MARC MARQUEZ STÄRKT IM SOMMERURLAUB SEINE RECHTE ARMKRAFT, WÄHREND HERZFREQUENZ EINEN FORTSCHRITT SIGNALISIERT
2h ago·

Marc Marquez hat klar gemacht, was er sich in der MotoGP-Sommerpause vorgenommen hat: Er will seine Kraft in der rechten Schulter und im rechten Arm wieder aufbauen. Nach dem doppelten Erfolg am Sachsenring sagte der amtierende Weltmeister, dass Motorrad, Team und seine Einstellung bereits stimmen, sein Körper aber noch Arbeit brauche, wenn er in diesem Sommer wirklich einen Schritt nach vorn machen will. „Das Bike funktioniert, ebenso das Team und meine Mentalität.
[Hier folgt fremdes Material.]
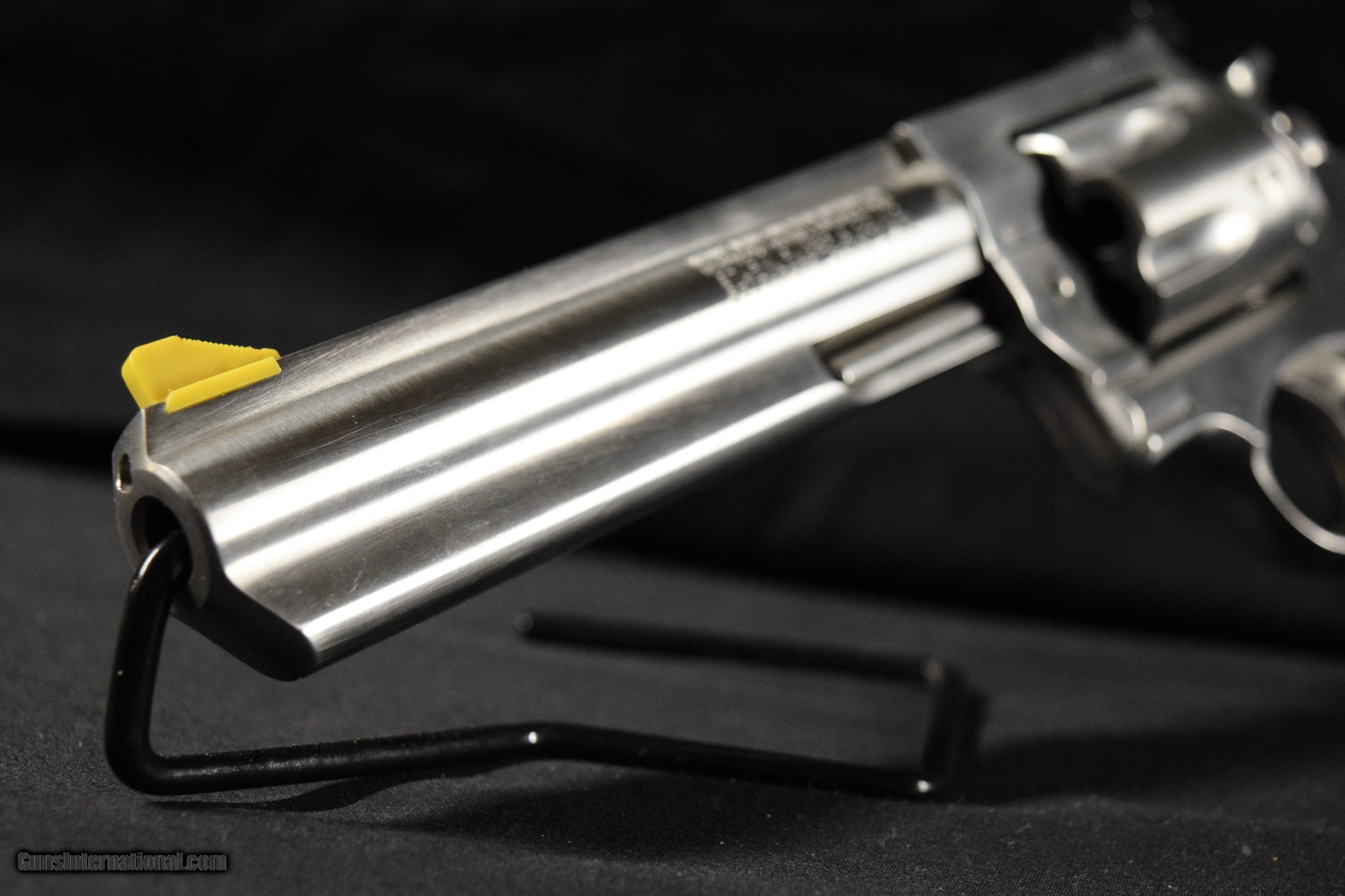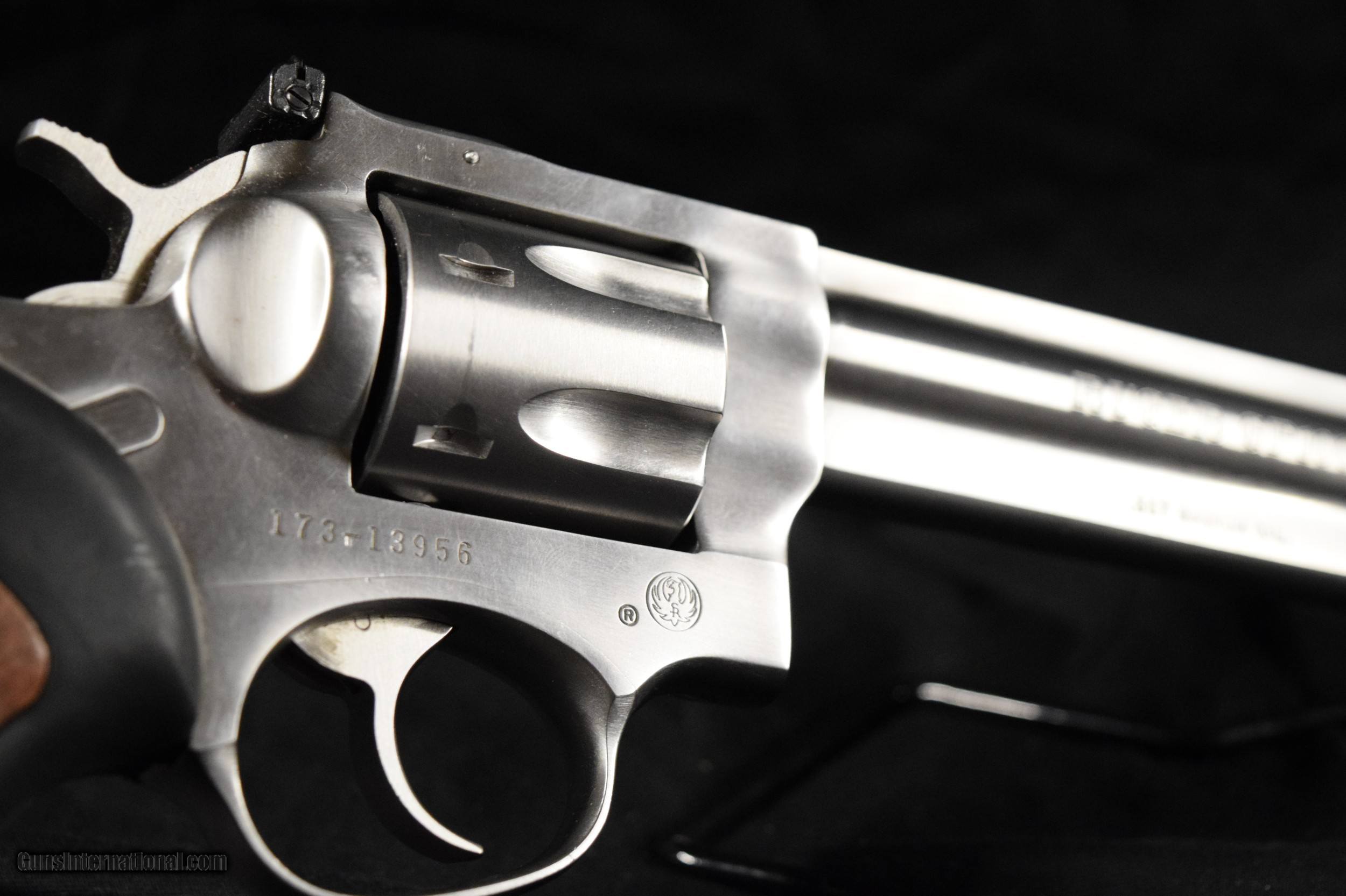 Description: The Triple-locking cylinder is locked into the frame at the front, rear, and bottom for more positive alignment and dependable operation shot after shot. Grip frame design easily accommodates a wide variety of custom grips. Disassembly of integrated subassemblies requires no special tools and allows for easy maintenance and assembly. The transfer bar mechanism provides an unparalleled measure of security against accidental discharge. This package DOES NOT come with a case. The overall condition is great with wear on the grips and scratches on the frame. Pre-Owned - Ruger GP100 SA/DA .357 Mag. 6" Revolver

Ich muss an meinem Körper arbeiten, um in diesem Sommer einen Schritt nach vorn zu machen; meine Ferien werden kürzer“, sagte Marquez. Dabei nannte er den rechten Arm als den wichtigsten Verbesserungsbereich: „Der rechte Arm. Das ist der einzige Punkt, den ich verbessern muss.“
Marquez beschrieb außerdem die körperliche Herausforderung, mit der er seit seiner Verletzung und der Operation zur Entlastung eines eingeklemmten Radialnervs zu kämpfen hat. Er sagte, dass er inzwischen keine Taubheit und keine Schmerzen mehr habe, ihm aber weiterhin Kraft und Muskulatur im betroffenen Bereich fehlten. „Zum Glück habe ich jetzt keine Taubheit [nach der OP zur Entlastung eines eingeklemmten Radialnervs], ich habe keine Schmerzen. Mir fehlt nur die Kraft, mir fehlt die Muskulatur“, erklärte er. Durch dieses Defizit habe er mit anderen Körperteilen kompensiert, was er mit allgemeiner Müdigkeit in Verbindung brachte. „Ich kompensiere mit anderen Teilen meines Körpers, daher ist es allgemeine Müdigkeit.“
Als möglicher Gradmesser für seinen Fortschritt nannte Marquez seine Herzfrequenz während der Rennen. Er hatte zuvor Reportern in Brno gesagt, dass seine Herzfrequenz in dieser Saison „so hoch war wie noch nie“. Der Grund dafür sei, dass sein Körper härter arbeiten müsse, um die Stärke auszugleichen, die er mit dem rechten Arm noch nicht erzeugen könne. „Es stimmt auch, dass meine Herzfrequenz – weil wir wissen, wie hoch die Herzfrequenz in den Rennen ist – seit meiner Rückkehr von der Verletzung höher ist als je zuvor. Aber zu Hause ist sie niedriger als je zuvor. Das bedeutet also: Wenn ich das Motorrad fahre, kompensiere ich mit anderen Dingen für das, was mir im rechten Arm fehlt.“
Sein Ansatz ist, die Pause zu nutzen, um „einige Muskeln zu wecken, die gerade schlafen“. Wenn diese Arbeit sich auszahlt, glaubt er, in der zweiten Saisonhälfte erneut um den Titel kämpfen zu können. Bis zum Beginn der Pause hatte er seinen Rückstand in der Weltmeisterschaft bereits von 102 Punkten auf 18 reduziert.